Силу впечатления от этого концерта я, пожалуй, могу сравнить разве что с Einstein on the Beach Гласса целиком и живьем. А видео снято и смонтировано так, что возникает полный эффект присутствия.
Я думаю, что почти все песни, которые здесь звучат, вы знаете наизусть уже много лет. А лично для меня Гэбриел стал одним из основных даже не то что кумиров, а, скорее, ориентиров очень давно, когда я еще учился в школе. Но вот в этом концерте он раскрывается с еще одной стороны.
В концерте две части. В первой (Scratch My Back. Продолжительность – 1 час 10 минут) он поет не свои песни, а других авторов – от Пола Саймона и Дэвида Боуи до Регины Спектор. Во второй части (Taking the Pulse. Продолжительность – 1 час 40 минут) – свои.

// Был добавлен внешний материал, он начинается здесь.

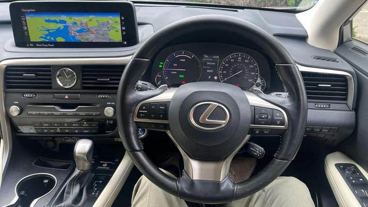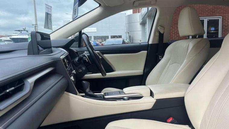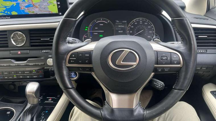 12.3" Touchscreen display and remote touch interface, 4 driving modes EV/Eco/Normal/Sport, Analogue clock with GPS function, Apple car play/Android Auto, Bluetooth mobile phone connectivity, Electric power steering, Emergency call service, Front and rear parking sensors with intelligent clearance sonar, Lane change flasher function, Lexus link connected services with available optional wifi, Lexus Premium Navigation with full European map capability, street view and connected services, Multi-information display 4-inch TFT, Push button starter, Reversing camera with back guide lines, Wireless Smartphone charger, E-Four Automatic transmission, Vehicle Dynamics Integrated Management (VDIM), Vehicle Stability Control (VSC), 12 speakers Pioneer audio, AUX socket with VTR compatibility, DAB Digital radio, DVD, Front and rear USB ports, 3 eye LED headlights with auto high beam, Auto dimming rear view mirror, Front and rear electric windows, Headlight washers, Heated, auto-folding door mirrors, auto dimming with rerverse tilt and memory, LED brake lights and rear lights with emergency brake signal, LED cornering headlights, LED daytime running lights, LED front and rear sequential indicators, LED front fog lights, Power back door with kick sensor, Privacy glass, rear doors and tailgate, Puddle lights, Rain sensor windscreen wipers, Rear side wing doors, Rear wash/wipe, Roof rails, 2 map pockets in the rear, 2 way electric lumbar support, 2 way manually adjustable front headrests, 2 way manually adjustable rear headrests, 2 x fixed shopping bag hooks in boot, 2 x Sunvisors with vanity mirror and lamp, 3 seat bench in 2nd row, 3 x 12V power sockets, 4 x tie down hooks in the boot, 40:20:40 split folding rear seats, 60/40 split folding rear seat with 40/20/40 folding ability, 8 way electrically adjustable front seats, Card holder installed in driver and passengers sun visors, Centre and rear armrest with 2 cupholders, Centre armrest with storage box, Climate concierge, Driver seat memory function, Driver's seat easy access auto retraction function, Dual zone climate control air conditioning system with S flow and Nanoe technology, Electrically adjustable leather steering wheel with paddle shifts and auto retraction function, Electrically adjustable steering column, Glasses holder in roof lighting panel, Heated front seats, Heated steering wheel, Isofix standard child seat restraint mounting, Leather gear lever, LED interior illumination, Rear armrest with storage, Self charging hybrid, Single front passenger seat, Sliding/reclining rear seats, Small compartment to right of steering wheel, Smooth leather upholstery, Textile carpet mats, Ventilated front seats, 3 point ELR front and rear seatbelts with pretensioners, ABS, Curtain airbags, Driver and front passenger 2 stage airbag, Driver/front passenger side airbags, Drivers knee airbag, EBD + Brake Assist, Electronic parking brake, Electronically controlled braking, Front passenger seat cushion airbag, Hill assist control, Lexus safety system - dynamic radar cruise control, pre collision system day and night, lane tracing assist, road sign, automatic high beam, OTA, Passenger airbag cut-off device, Rear door child safety locks, Rear passenger side airbags, Traction control, Tyre pressure warning, WIL whiplash protection front seats, Anti theft system with alarm, intrusion sensor, tilt sensor, glass breakage sensor and engine immobiliser, Locking wheel nuts, Security window etching, Smart keyless entry, Two motion door lock with double lock, Black grain inlay, 20" Alloy wheels, Temporary spare wheel,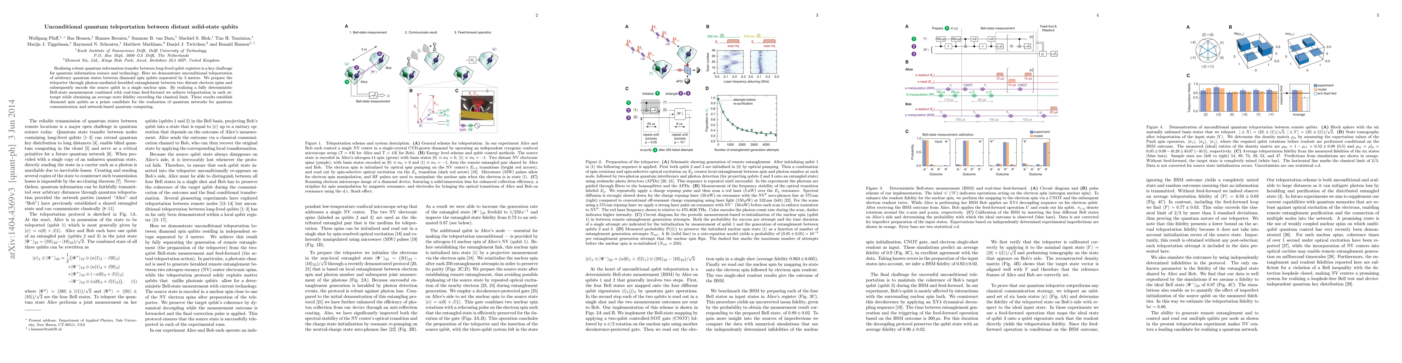 This paper reports on the successful teleportation of quantum states between diamond spin qubits 3 meters apart, using photon-mediated entanglement and real-time feed-forward, achieving high fidelity and positioning diamond spin qubits as leading candidates for quantum networks.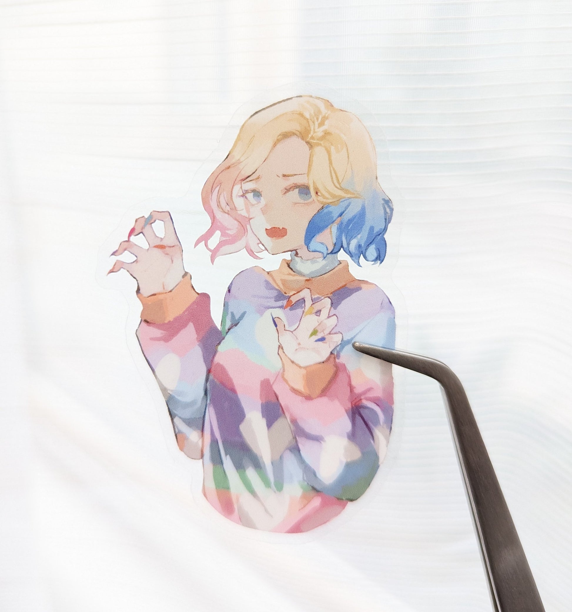This listing is for an individual 3" die cut sticker of Enid Sinclair from the show “Wednesdayâ€! Each sticker individually peels off with adhesive backing, printed on transparent vinyl.

Никаких рок-инструментов нет вообще. Он поет с оркестром (New Blood Orchestra, дирижер Бен Фостер). Оркестровки сделал Джон Меткалф, композитор и альтист, который когда-то играл в группе The Durutti Column (которую я, кстати, очень люблю), потом – в Duke Quartet. Сказать, что оркестровки великолепные – значит, ничего не сказать. И самое важное. Как Гэбриел поет свои вещи – вы тоже знаете. Но послушайте его как исполнителя музыки, написанной другими. После всего того, что он уже сделал в этой жизни, теперь ему захотелось «интерпретировать» то, что написал не он.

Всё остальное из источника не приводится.